Urban gardening is not just growing food and flowers in the backyard. There is container gardening or indoor hydroponics (see list of books), so even if a person is renting and has no land available, they can still grow plenty of food, even in the winter.
With all of that in mind, the Maine cities of Bangor and Brewer, across the Penobscot River from each other, held an Urban Garden Tour in July 2023 to promote more food production and using land to grow something besides grass. It wasn’t a smashing hit, but it generated enough interest to potentially happen again in 2024 and annually.
The goals of the tour were to: provide education and information sharing to city dwellers about how to garden; encourage those touring to “grow your own” fruits, vegetables, herbs and/or flowers; display the ecological benefits of gardens and mitigate the threat of climate disruption; promote healthier and fresher foods and better human health; and demonstrate greater community self-reliance.

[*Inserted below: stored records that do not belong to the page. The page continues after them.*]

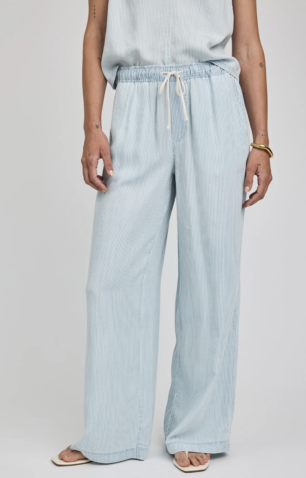 The Camille pant is made of Tencel fabric that has been specially washed to achieve a dimensional look and soft feel. Features include slash pockets and an elasticated waistband with an adjustable drawcord. Complete the look with the Colette tank or Ozzy button down shirt.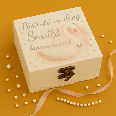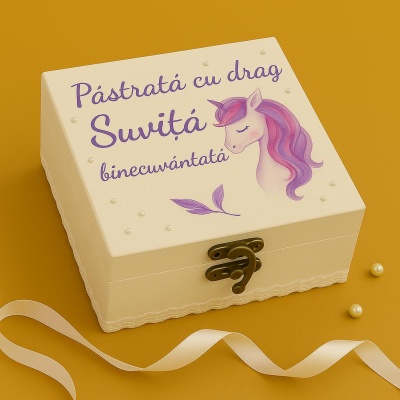 - Cutie lucrata manual personalizata prin gravura laser cu numele si elemente grafice, dar si cu data evenimentului;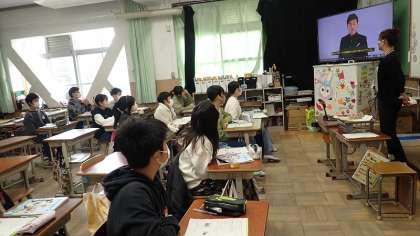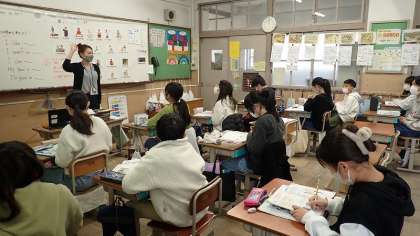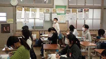 今日は、Unitのまとめとして、動画を視聴しています。動画の中の人物が話す英語を聴き取り、どんなことを話しているかをつかもうとしています。すべてを聴き取ることは難しいですが、聴き取ることのできた単語を頼りに、話の大体を理解することができていました。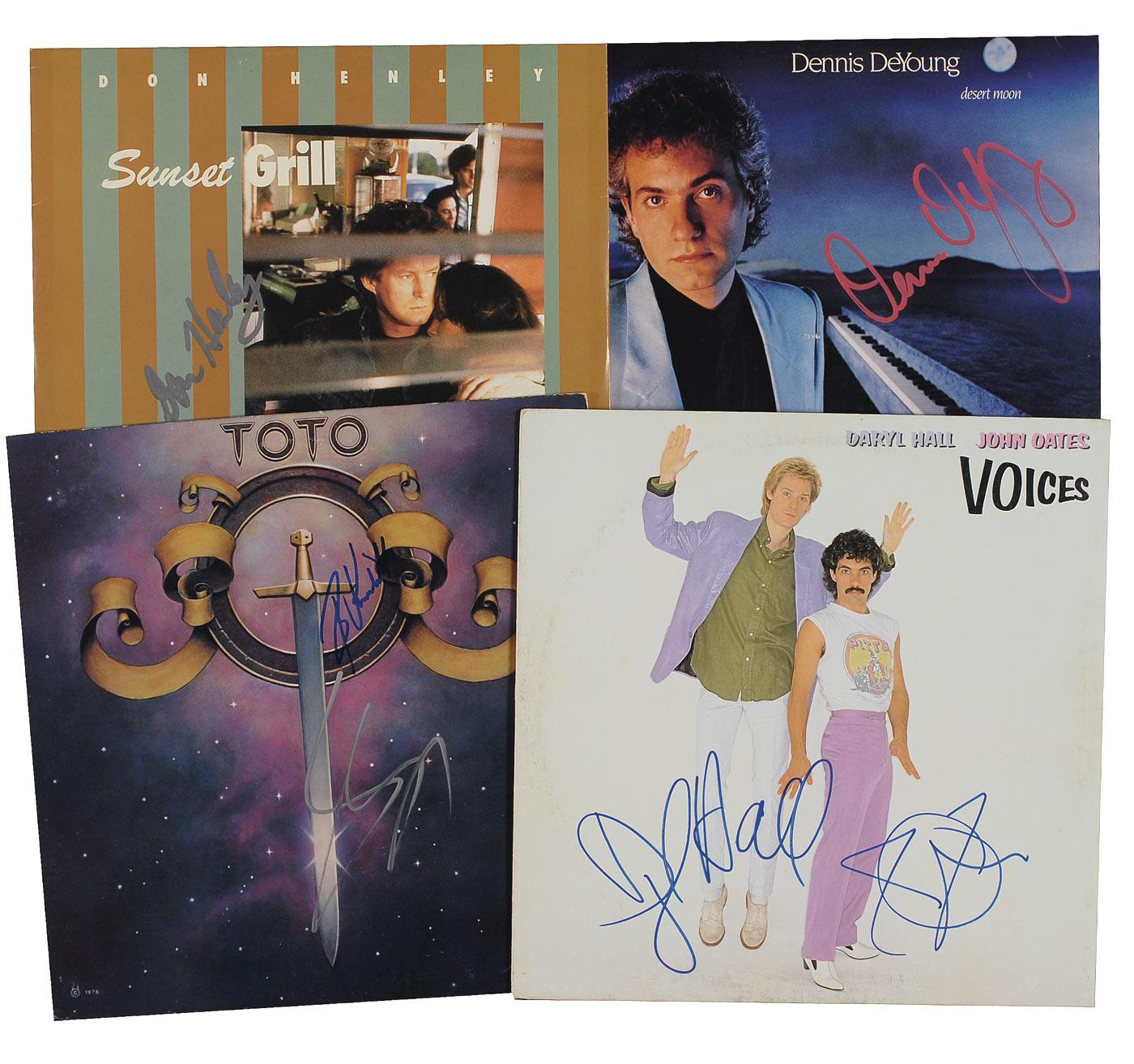 Four albums: Desert Moon signed in red ink by Dennis DeYoung, Sunset Grill 12-inch single signed in silver ink by Don Henley, Toto signed ink and felt tip by two members of Toto, and Voices signed in blue felt tip by Daryl Hall and John Oates. In overall very good to fine condition with scattered soiling and a ring of wear to the Voices album. The albums are included.

Twelve gardens, all within the city limits, were included on the tour, seven during the morning and five in the afternoon. Most were at the homes of individual gardeners; a few were at sites sponsored by organizations. Some were postage-stamp-sized, others occupied a large backyard. The diversity was intentional; no matter how large or small your commitment to gardening is, there’s a garden that fits what you can do.
Most gardens were a mixture of vegetables and fruits, one almost exclusively herbs, and a few primarily flowers. All were beautiful to view, displaying so much food and color in a city environment. Each one was organic and an expression of the gardener’s love of growing food and flowers. The estimated 50 to 60 attendees on the tour, mostly city residents, saw one, several, or possibly all 12 gardens.

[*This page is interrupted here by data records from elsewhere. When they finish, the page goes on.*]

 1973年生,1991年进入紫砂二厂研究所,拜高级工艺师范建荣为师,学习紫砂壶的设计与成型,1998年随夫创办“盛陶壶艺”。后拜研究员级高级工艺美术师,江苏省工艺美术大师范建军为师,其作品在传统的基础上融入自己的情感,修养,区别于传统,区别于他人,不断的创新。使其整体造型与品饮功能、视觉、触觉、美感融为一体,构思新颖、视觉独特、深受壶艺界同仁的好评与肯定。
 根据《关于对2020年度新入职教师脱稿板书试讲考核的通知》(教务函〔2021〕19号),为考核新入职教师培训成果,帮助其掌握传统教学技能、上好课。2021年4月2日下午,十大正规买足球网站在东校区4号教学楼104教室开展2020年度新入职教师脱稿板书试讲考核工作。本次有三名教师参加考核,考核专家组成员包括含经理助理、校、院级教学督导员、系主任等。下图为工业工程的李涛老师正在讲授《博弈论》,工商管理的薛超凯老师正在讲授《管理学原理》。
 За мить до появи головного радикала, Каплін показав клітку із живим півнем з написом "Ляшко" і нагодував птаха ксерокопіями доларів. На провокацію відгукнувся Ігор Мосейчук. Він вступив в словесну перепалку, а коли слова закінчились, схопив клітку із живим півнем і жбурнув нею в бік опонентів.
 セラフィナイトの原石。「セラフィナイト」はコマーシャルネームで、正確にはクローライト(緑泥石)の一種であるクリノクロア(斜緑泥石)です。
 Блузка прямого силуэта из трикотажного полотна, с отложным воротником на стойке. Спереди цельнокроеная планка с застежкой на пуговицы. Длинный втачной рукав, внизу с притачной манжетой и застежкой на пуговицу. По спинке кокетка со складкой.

One of those gardens was a smaller plot (about 250 square feet) just three blocks from City Hall. It used just about every bit of space around the house that gets any sun. A person walking on the sidewalk outside the house could bend down and pick a head of lettuce. It might have seemed the least attractive garden of the 12, but it utilized the space it had more efficiently than any other. Impressive!
Another was almost an entire front and large backyard that produced nearly a year’s supply of vegetables and fruits. Two other gardens consisted of wood-framed garden beds that served a senior citizen housing project and a recovery community center.

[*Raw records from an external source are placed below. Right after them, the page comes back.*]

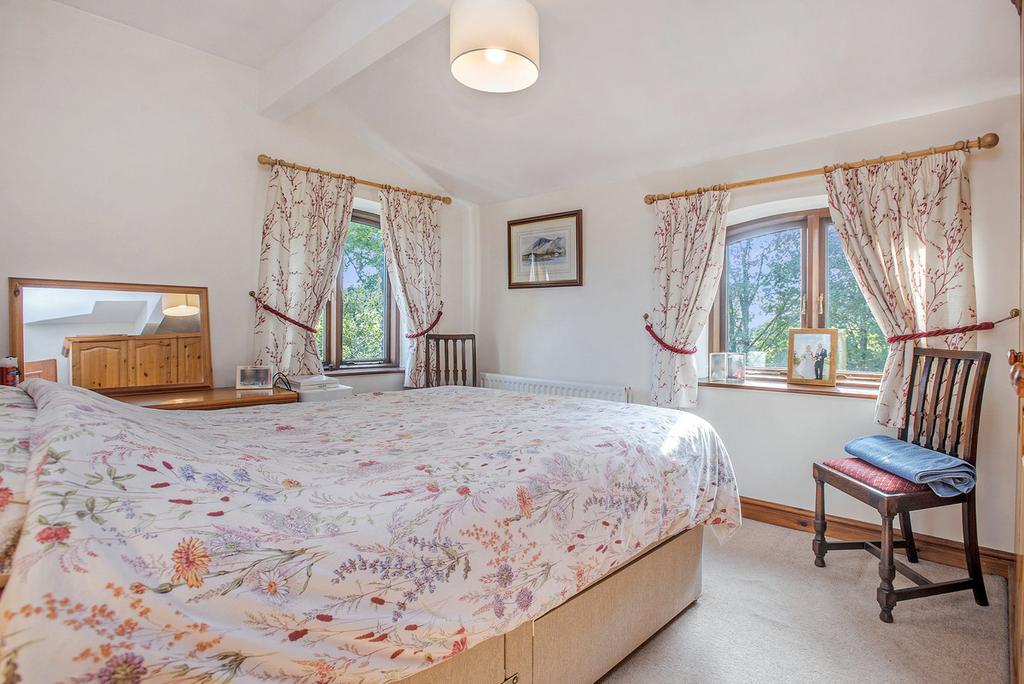 A double bedroom enjoying dual aspect elevated views out to surrounding countryside. There is a large built-in wardrobe and storage to utilise.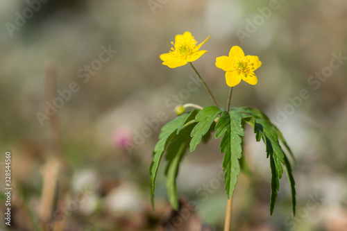 Yellow anemone (Anemone ranunculoides) or yellow wood anemone or buttercup anemone, woodland and forest plant with root-like rhizomesand petal-like tepals of rich yellow colouring. Family Ranunculacea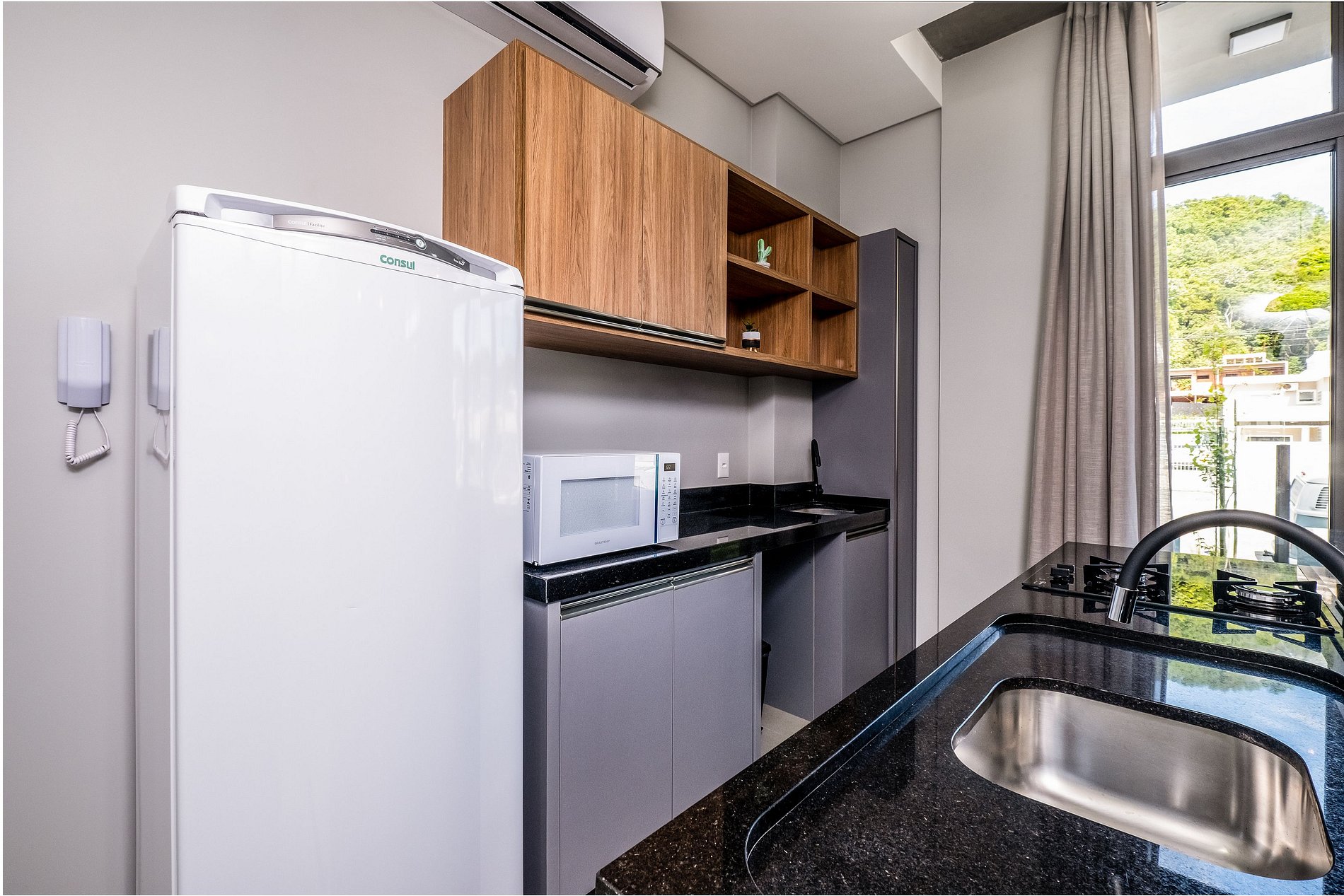 - Cozinha compacta com geladeira, fogão cooktop, micro-ondas, sanduicheira, liquidificador, panelas, louças e utensílios;
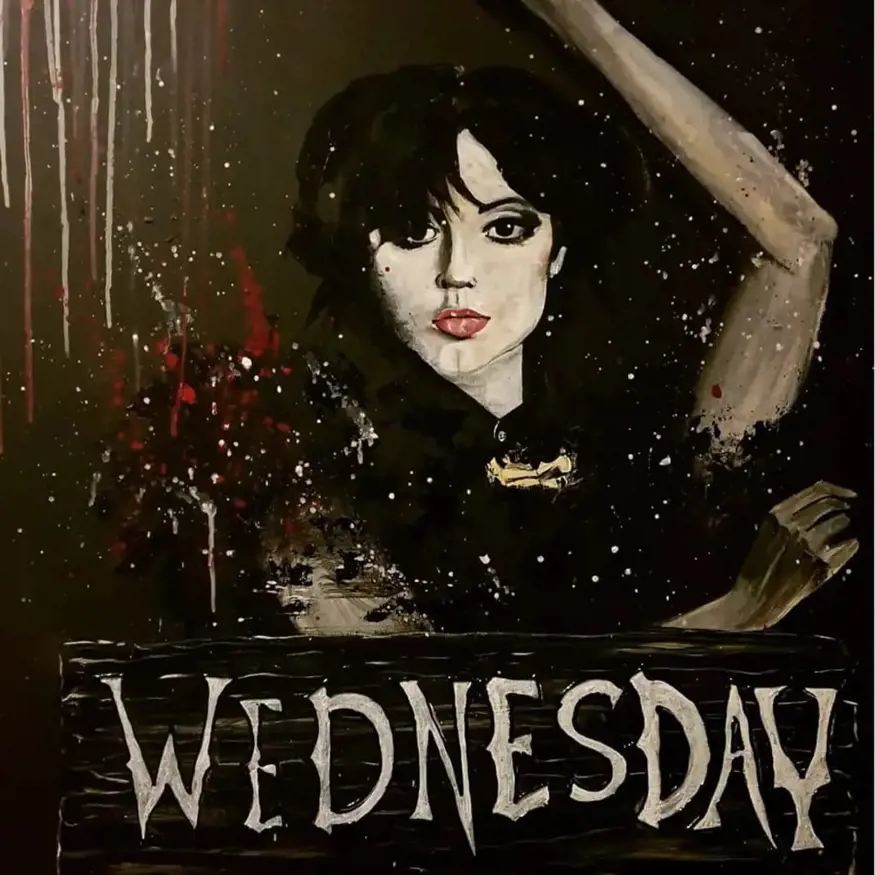 Wednesday est une œuvre contemporaine puissante et intrigante, inspirée par l’univers mystérieux et gothique du personnage éponyme. Cette peinture acrylique sur toile explore la dualité entre ombre et lumière, force et vulnérabilité.

Following the tour, gardeners evaluated it. Issues discussed included using space more efficiently, promoting school gardens and composting, encouraging one-to-one conversations with potential gardeners, and creating more of a sense of community and sustainability.
The movement for urban gardening has begun. Food AND Medicine (FAM), a group supporting workers in the Bangor area, also has a program promoting food security through community gardens. FAM was active with the Urban Garden Tour and may sponsor it in 2024. Since 2016, it has built or supported 31 gardens with 50 beds in Bangor, Brewer and nearby Orono.
There are other garden tours, but they tend to be fancy gardens used as a fundraiser. Our goal in Bangor-Brewer was strictly educational: to encourage more people in the two cities to “grow your own” and reap the benefits of a garden inside and outside their home or apartment.
City dwellers should get ready to abandon the grass in their yard and turn it into fresh, local, healthy and delicious food and beautiful flowers instead. It’s good for people and the planet. We hope to hold another Urban Garden Tour in 2024.
Larry Dansinger gardens in Bangor, Maine, and was an organizer of the 2023 Urban Garden Tour.